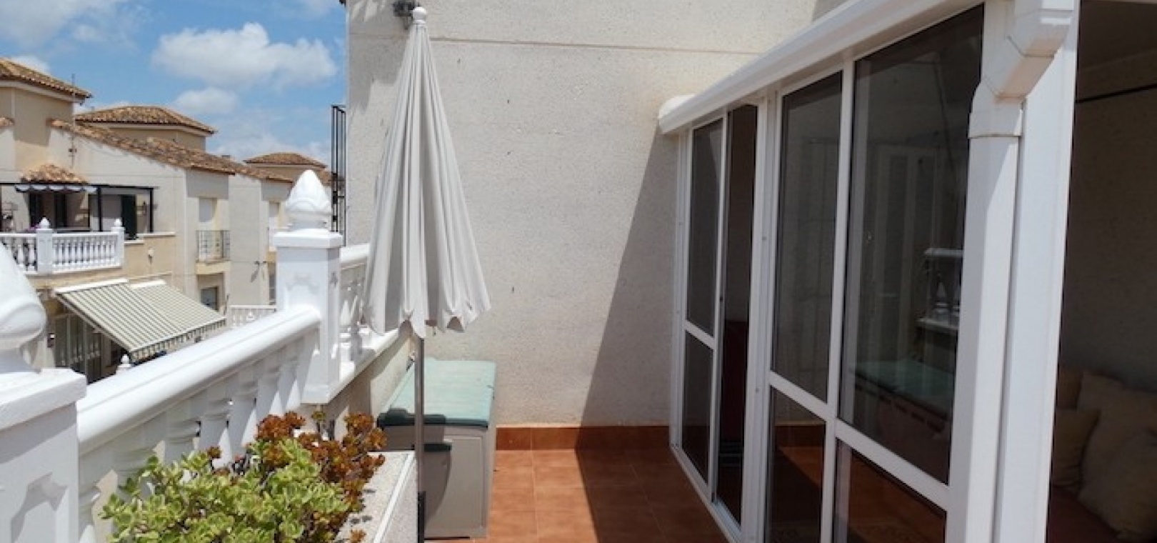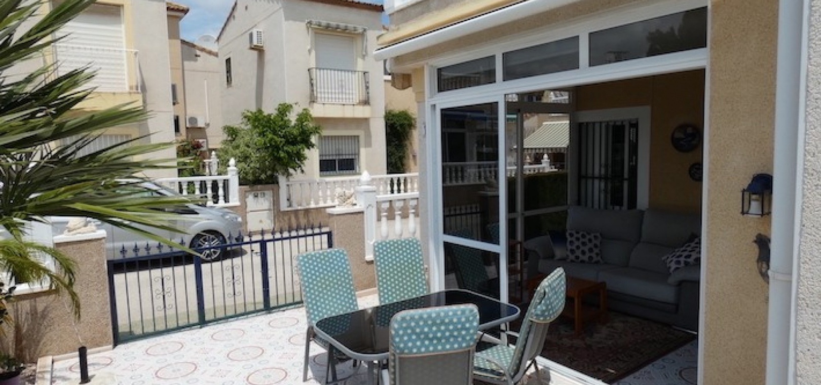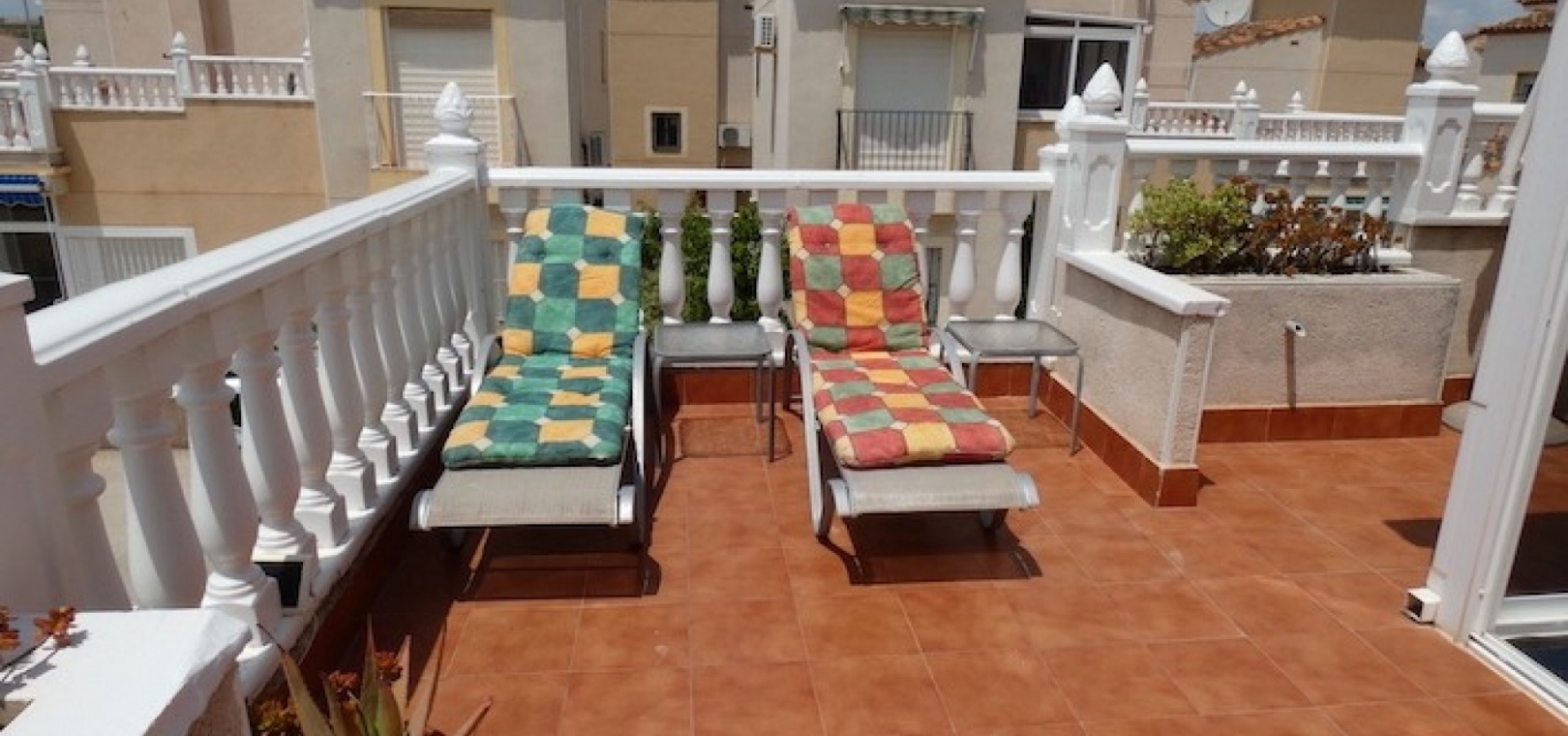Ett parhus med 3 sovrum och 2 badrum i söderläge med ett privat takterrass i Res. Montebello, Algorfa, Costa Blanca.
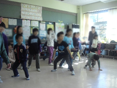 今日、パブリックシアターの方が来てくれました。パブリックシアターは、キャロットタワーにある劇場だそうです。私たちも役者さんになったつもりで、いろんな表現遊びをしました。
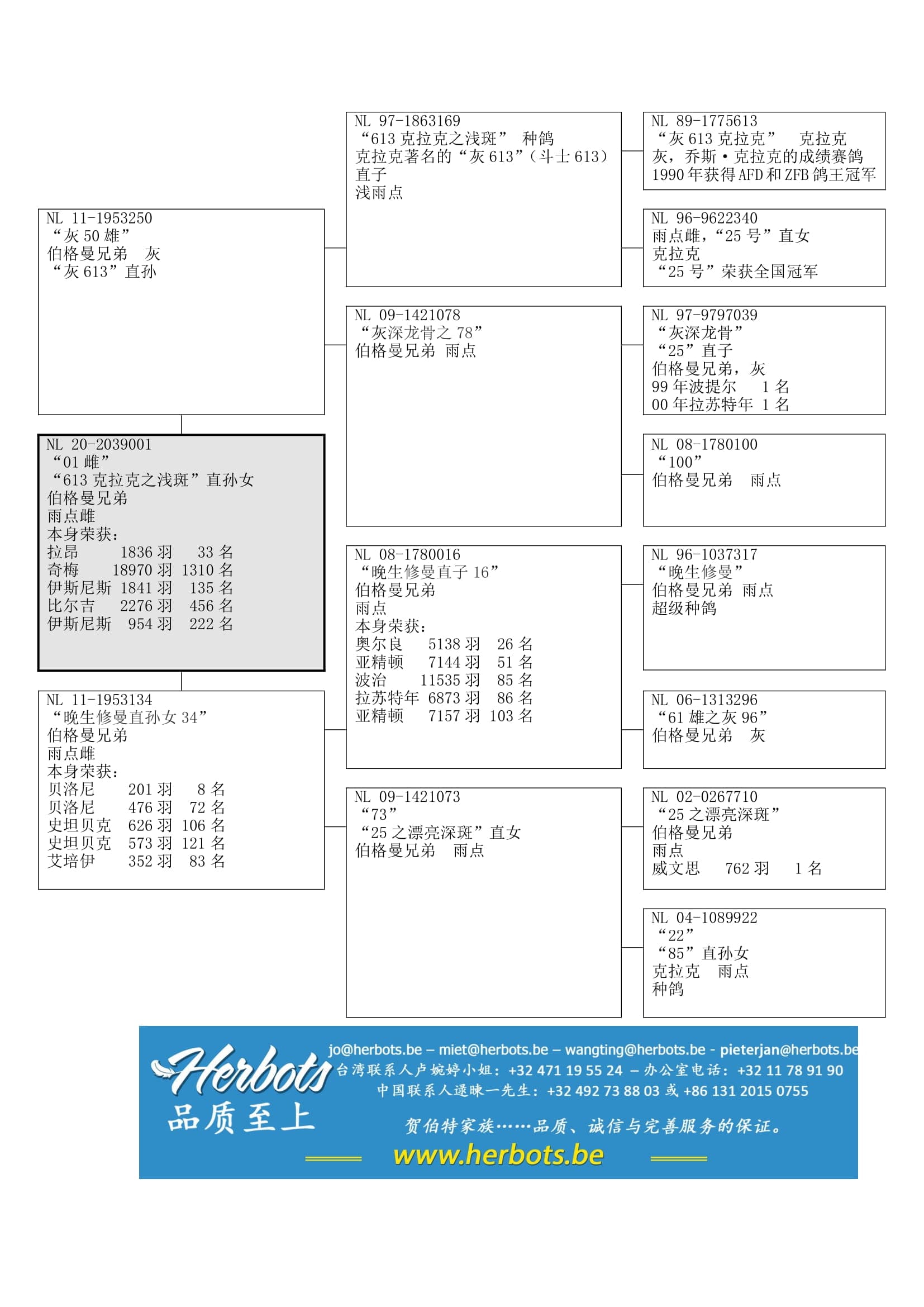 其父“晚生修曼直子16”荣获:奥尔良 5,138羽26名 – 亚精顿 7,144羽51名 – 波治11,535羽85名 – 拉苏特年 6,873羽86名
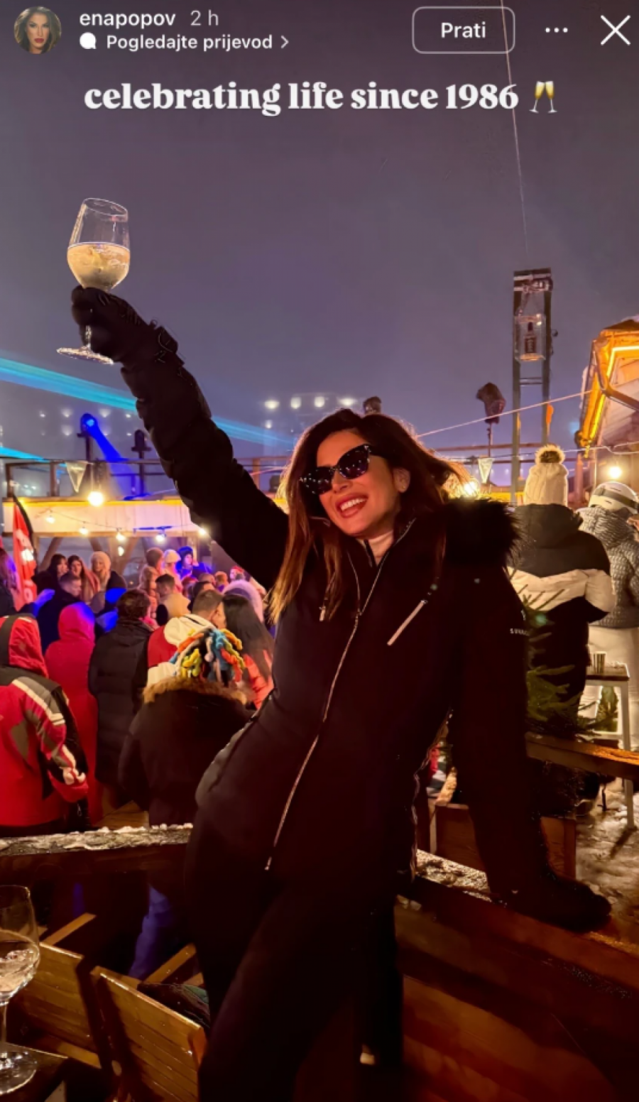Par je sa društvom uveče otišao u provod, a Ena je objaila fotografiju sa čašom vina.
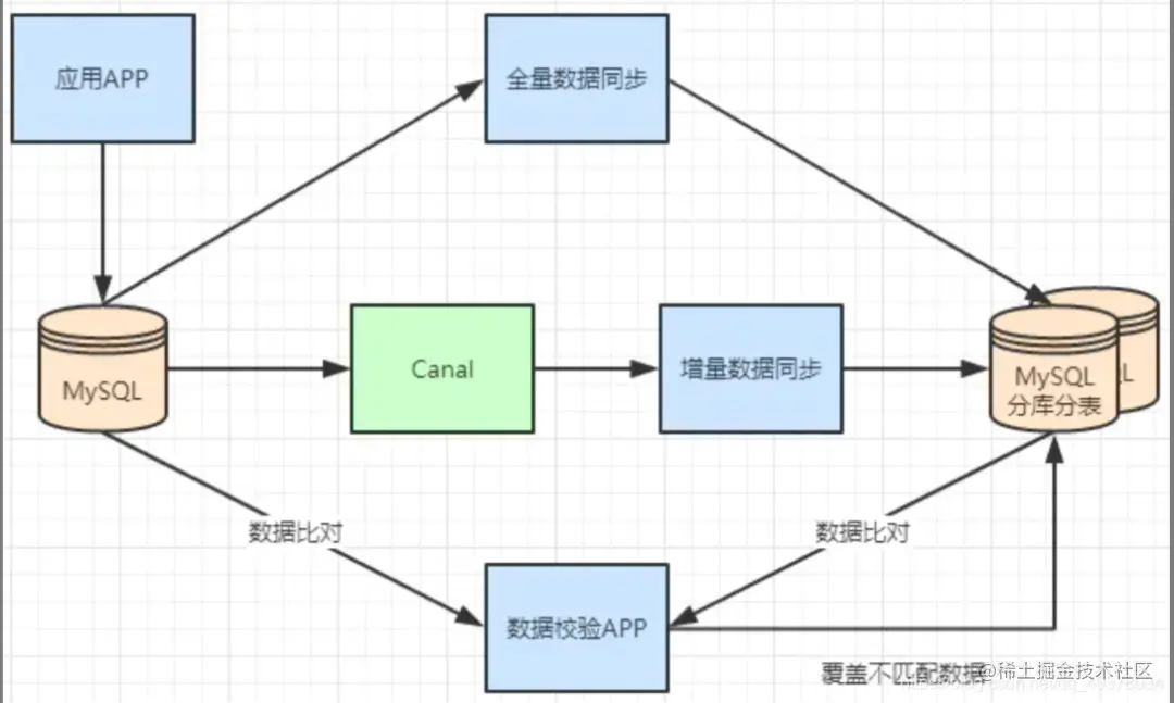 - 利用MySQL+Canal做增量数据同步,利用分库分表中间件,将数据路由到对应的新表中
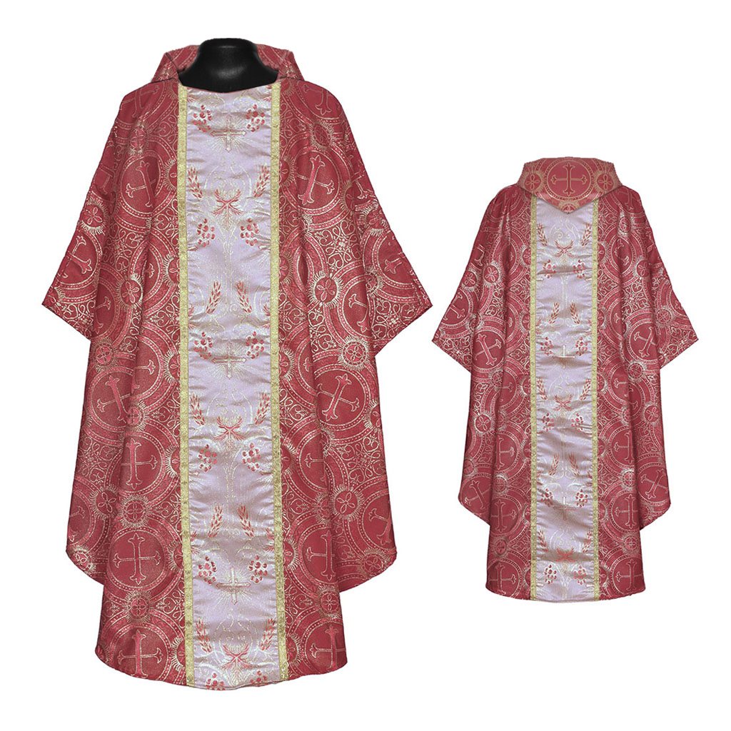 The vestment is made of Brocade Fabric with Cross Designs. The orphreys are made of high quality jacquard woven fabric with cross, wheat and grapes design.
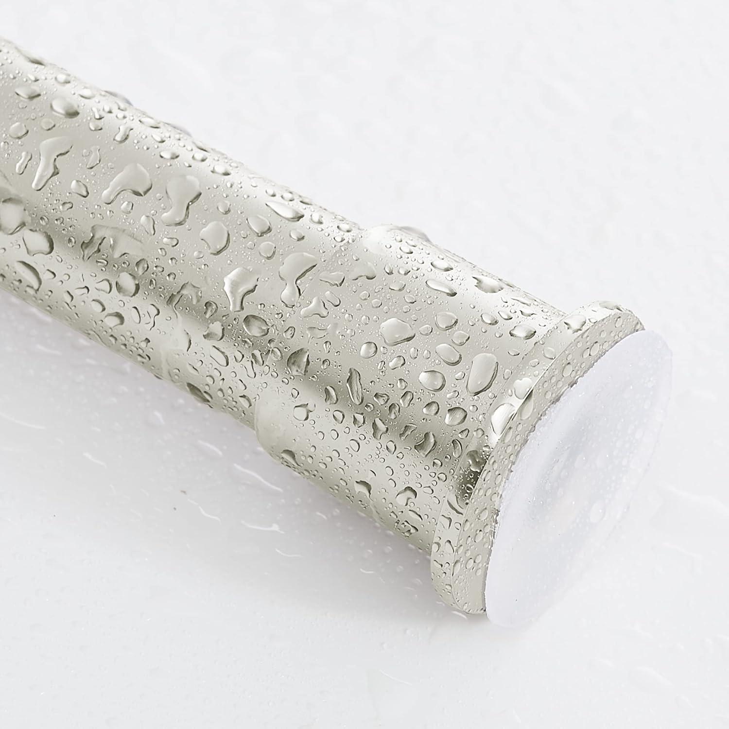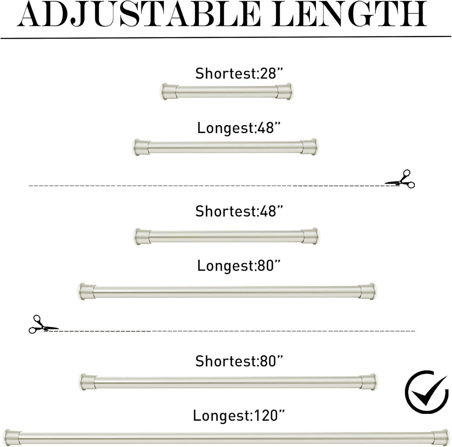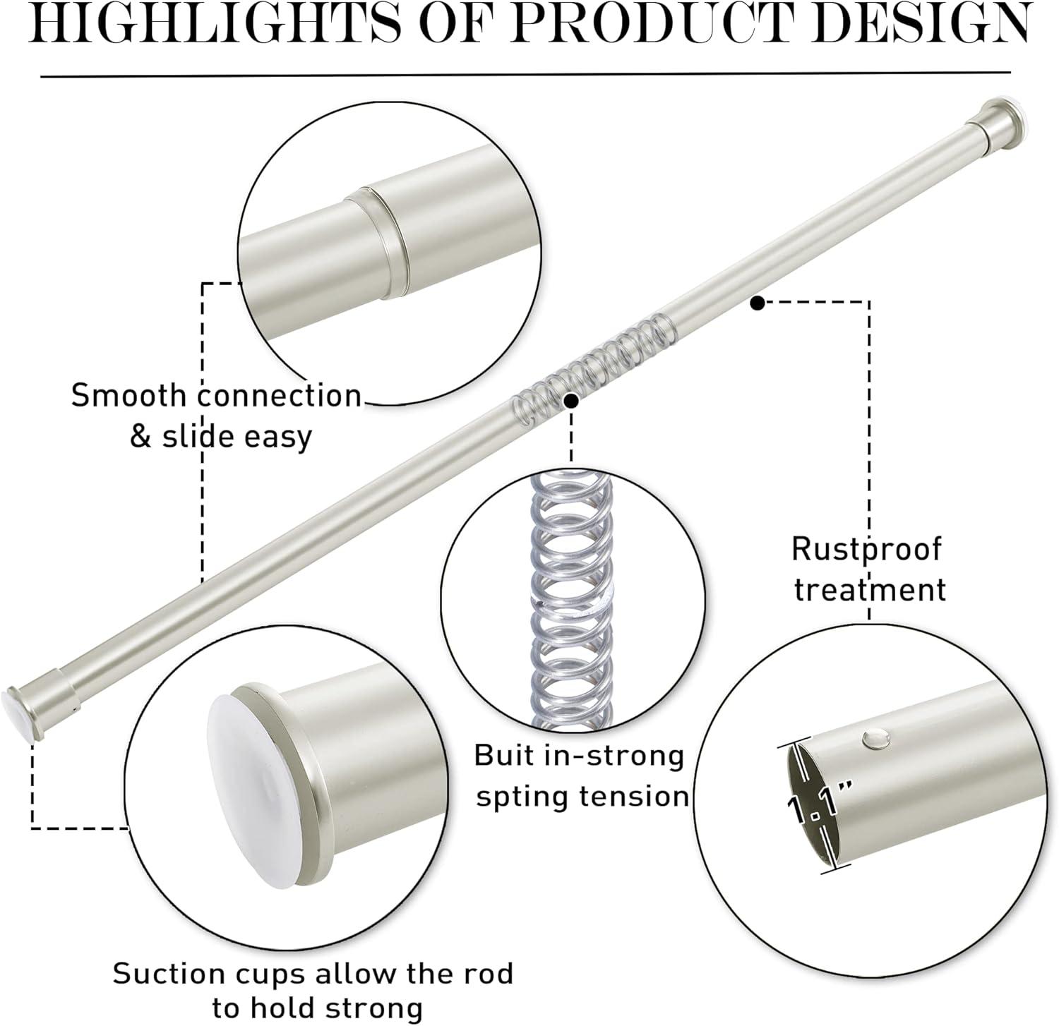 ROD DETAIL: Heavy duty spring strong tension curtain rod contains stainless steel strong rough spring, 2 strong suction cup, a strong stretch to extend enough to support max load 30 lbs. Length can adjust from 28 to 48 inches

------------------------------------------------------------------------

# YOUR INSTRUCTIONS:
Return the complete material above exactly, with no picture.

# TASK ANSWER:
Ett parhus med 3 sovrum och 2 badrum i söderläge med ett privat takterrass i Res. Montebello, Algorfa, Costa Blanca.
 今日、パブリックシアターの方が来てくれました。パブリックシアターは、キャロットタワーにある劇場だそうです。私たちも役者さんになったつもりで、いろんな表現遊びをしました。
 其父“晚生修曼直子16”荣获:奥尔良 5,138羽26名 – 亚精顿 7,144羽51名 – 波治11,535羽85名 – 拉苏特年 6,873羽86名
Par je sa društvom uveče otišao u provod, a Ena je objaila fotografiju sa čašom vina.
 - 利用MySQL+Canal做增量数据同步,利用分库分表中间件,将数据路由到对应的新表中
 The vestment is made of Brocade Fabric with Cross Designs. The orphreys are made of high quality jacquard woven fabric with cross, wheat and grapes design.
 ROD DETAIL: Heavy duty spring strong tension curtain rod contains stainless steel strong rough spring, 2 strong suction cup, a strong stretch to extend enough to support max load 30 lbs. Length can adjust from 28 to 48 inches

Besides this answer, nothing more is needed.